DisneyQuest – Thumbs Up or Thumbs Down?


Rex and I have visited DisneyQuest at least 3 times that I can remember. I think I can speak for Rex when I say that we always leave the interactive indoor theme park with mixed emotions. First, a little history.


DisneyQuest is an interactive indoor theme park located in Downtown Disney at the Walt-Disney World Resort in Florida. The building is a 5 story complex that has no windows and consists of arcade games, virtual reality attractions, web terminals, a Cheesecake Factory cafe, and some "rides." For the price of admission, all of this good stuff is free, so you are not popping quarters into arcade machines, etc. (thanks to Wikipedia for some of the info in this paragraph)

Sounds cool, right? Well, Rex and I sure thought so the first time we stumbled across Disney Quest during one of our adventures to Orlando. We quickly decided to check it out. After buying an admission ticket, you are placed in an elevator that takes you to the third story of the complex. This elevator ride is actually one of the coolest parts of DisneyQuest. Once inside the elevator, the space darkens and the mirrors on either side of the elevator begin to show the "Genie" from Aladdin. There is a neat 1 minute "film" of the Genie entertaining you and getting you excited for when the doors open to the third floor. These elevators are only for getting you started, you cannot ride them back down to exit. (In fact, finding the exit can be somewhat of a trick!)

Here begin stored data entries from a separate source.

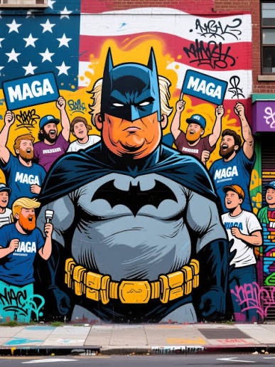 What’s even more unbelievable is that Trump actually sees himself as the hero in this comic book drama—the lone caped crusader standing between “real Americans” and a horde of imported villains. Never mind that his own inner circle has been more of a rogues’ gallery than any asylum intake list: convicted felons, indicted advisors, grifters, and would-be coup plotters. If anyone’s running Arkham, it’s not Biden—it’s Mar-a-Lago.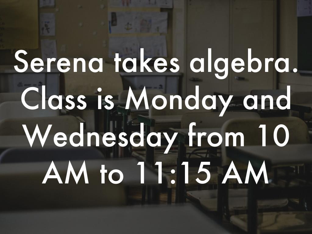 Serena takes algebra. Class is Monday and Wednesday from 10 AM to 11:15 AM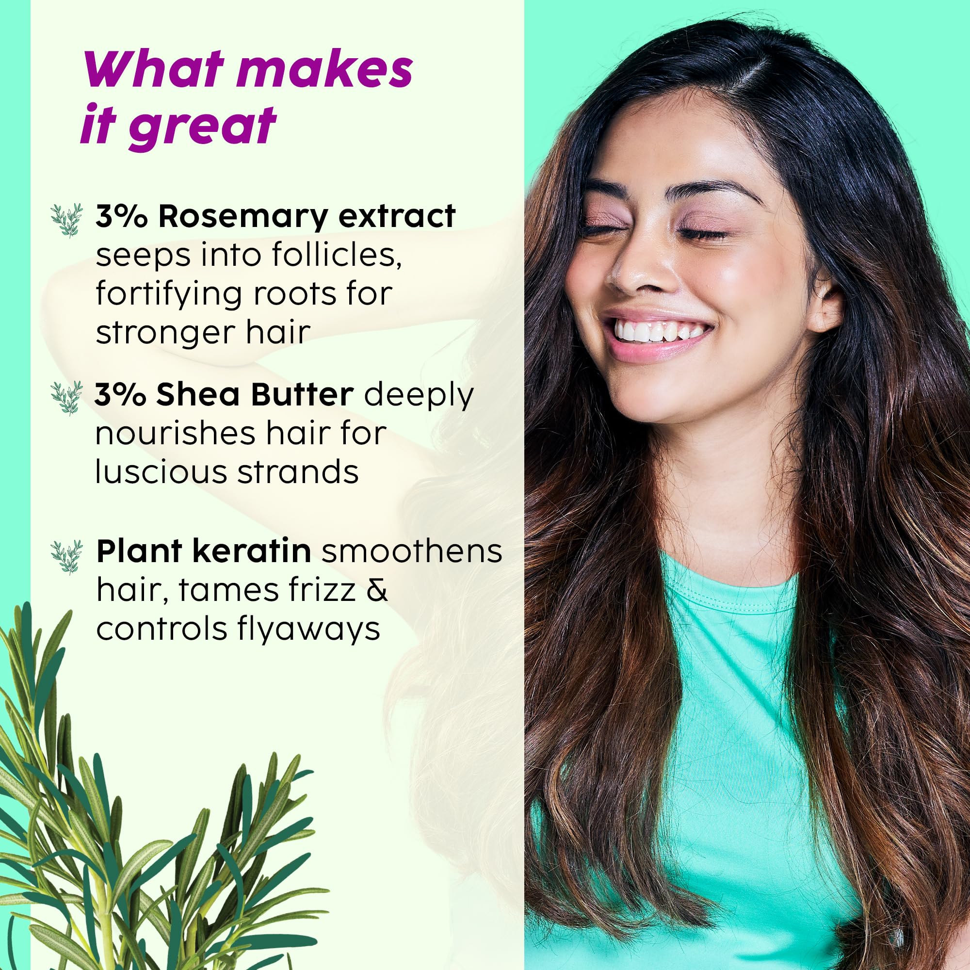 Reduces hair fall: Rosemary extract seeps into the scalp and rosemary oil improves blood circulation to the scalp leading to a reduction in hair fall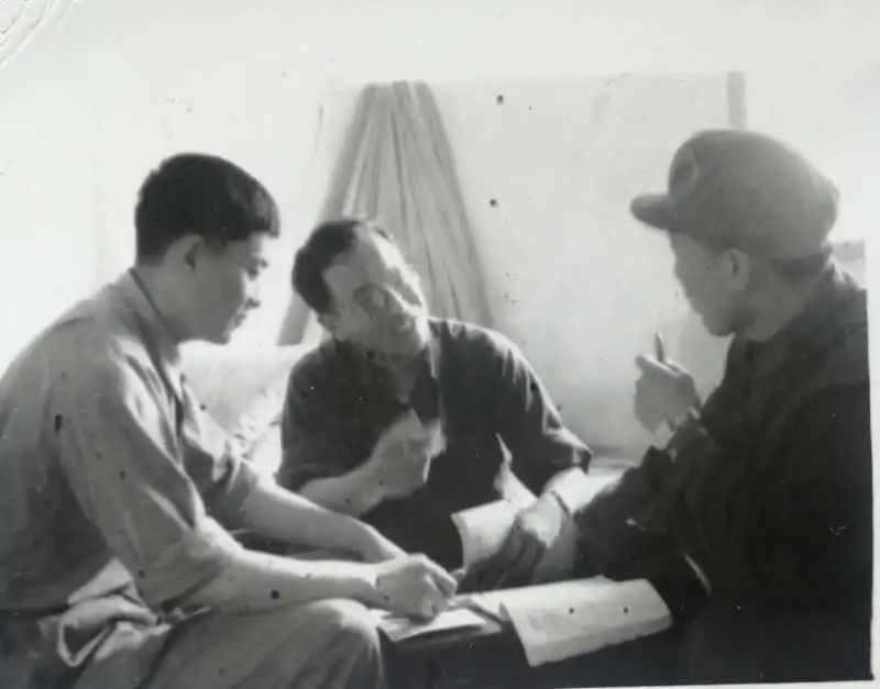 开门办学时,与青年工人一起学哲学。着军装的是徐立贵。

Once you step out of the elevator, it is a little overwhelming. You are at an "atrium" where you must decide where to go to start your adventure. Staircases go off in all kinds of directions. If you have never been to DisneyQuest before, you basically just have to decide where to start and go from there. The layout is somewhat confusing, which actually makes it pretty cool. You never know exactly where you are in relation to anything else in DisneyQuest. There is a "classic arcade" level where gems like Donkey Kong, Asteroids, and Space Invaders are just ready to be played. Then, of course, there is a large section of modern arcade games. As mentioned in a recent Audio Journeys with RexandtheBeast, one of our favorite attractions at DisneyQuest is the Buzz Lightyear's Astroblaster. This is basically bumper cars, except a gunner is launching foam balls at other cars and a direct hit sends the other car into a tail spin. Our first time on this attraction was a classic RexandtheBeast memory. We dominated. Rex was driving and managed to keep us from being hit. I was the gunner and basically landed direct hits on everything I shot at. It was great. The second time we tried our luck, we were unsuccessful. We stayed in the "black hole" the entire ride, which means we were spinning for 4 straight minutes.

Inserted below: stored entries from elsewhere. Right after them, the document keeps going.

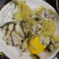 2. The fish head and belly are going to be boiled in porridge water, so the ginger is added.Instead of mincing ginger, add ginger, salt, oil, and egg white in the same order as in the first step.Then add two small spoons of cornstarch and mix well.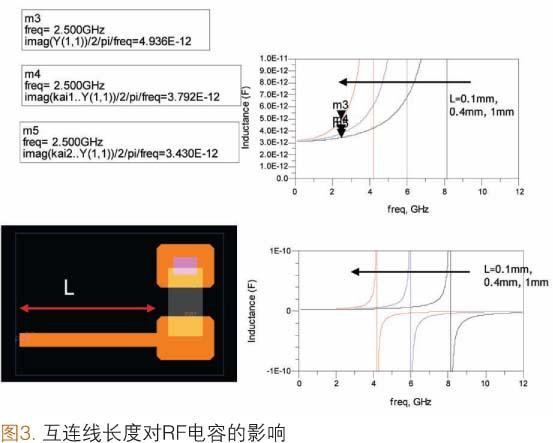 圖3是RF頻段下單個SMD焊盤的互連線長度對電容影響的簡單實例。在這種情況下,3.0pFSMD電容的一個電極連接在M2層上,形成接地電容。100.0μm寬的互連線與另一個電極連接在一起。在2.5GHz頻段下,1.0mm長的互連線可使SMD電容器的等效電容增長到4.9pF(增大了63%)。當然,互連線越短,等效電容與本征電容(3.0pF)的值就越接近。然而,通常使用長互連線連接SMD元件是不可避免的。在這種情況下,考慮互連線對電容的影響就顯得異常重要(有時把這種方法稱為對電容的微調(diào)),否則SiP將無法正常工作。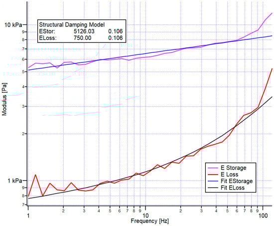 An example of the loss and storage modulus versus frequency obtained by the frequency sweep. A power-law fit is applied to the storage modulus, whereas the structural damping model is used to fit the loss modulus. Both fit procedures result in a storage and loss modulus value for the lowest frequency (here, 1 Hz). Presently, 5126 Pa and 750 Pa are shown, respectively, and a power-law exponent of 0.106.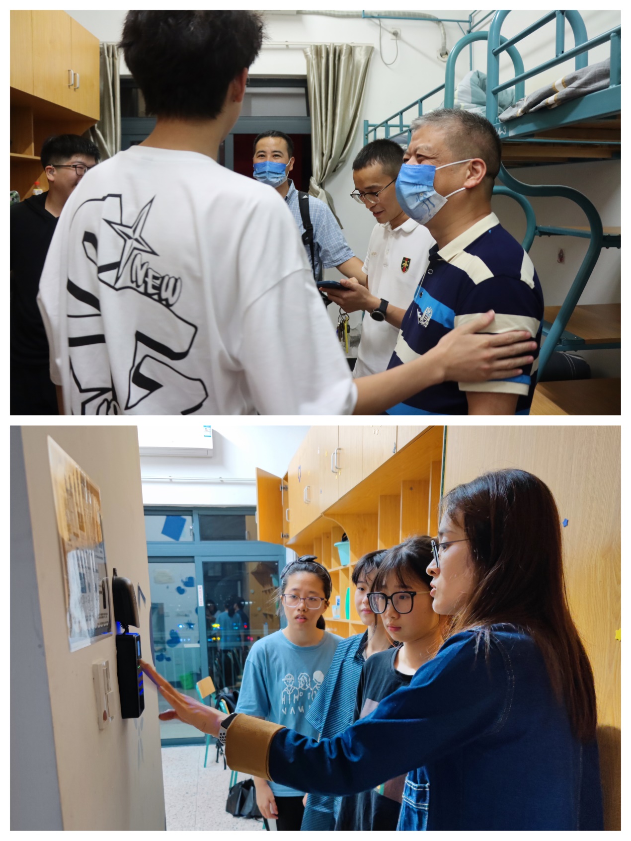 学生寝室内一片欢声笑语,学院领导与辅导员老师们深入寝室看望新生,与同学交流,了解到校方式与家庭情况;关注外省学生的学习与生活适应;对即将开启的大学新征程提出希望与建议;针对学生遇到的问题立即给出解决的办法。各班级班主任老师们进入宿舍看望学生,与同学们畅谈职业生涯规划并给出专业建议。

The attraction to avoid at all costs is the "Ride the Comix" located on the 5th floor. It is a cool concept, but after playing for just a couple of minutes, you want to visit the DisneyQuest bathrooms for a good puking session. Plus, there is always a decent line. However, located on the same floor as "Ride the Comix" is "Invasion!" This is a great game where you are trying to rescue astronauts from attacking aliens. We always play this one at least twice.

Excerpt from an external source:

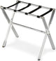 Materials Chrome plated metal tube cross bars with Mesh weaving straps and Acrylic cross legs; Foldable and packs assembled; Stress tested fo 35 kg luggage maximum weight.

The web terminals are basically useless. Not only are all the terminals usually occupied, but if you do manage to find an empty one, the navigation on the computer is near impossible. They have it set up where you have to use their own "mouse" and it just doesn't work well at all. In addition, the "Pinball Slam" game where participants are actively involved in a game of pinball doesn't really seem to work either. I have a theory that this is just a way for kids to rock and jump around and it has zero effect on the actual game.

I give DisneyQuest a thumbs up because it is somewhat unique and has some fun games. It does seem like they could improve some attractions and keep things fresh. Apparently, from what I have read, that was exactly the original concept. But, after a location in Chicago, IL had to close because of poor attendance, the energy behind DisneyQuest waned. Wikipedia says that "originally, the idea was that no attraction would ever go unchanged for more than two or three years. However, after the Chicago location and the DisneyQuest project overall were closed, the one location in Florida has been unable to financially merit a complete attraction overhaul." This makes perfect sense. The biggest complaint Rex and I have always had is that it seems the complex begs for updates and new attractions. If the original plan had been able to follow through, I think I would be much more optimistic about DisneyQuest. Nevertheless, people who have never experienced it and are not concerned with another $30 per person should check it out.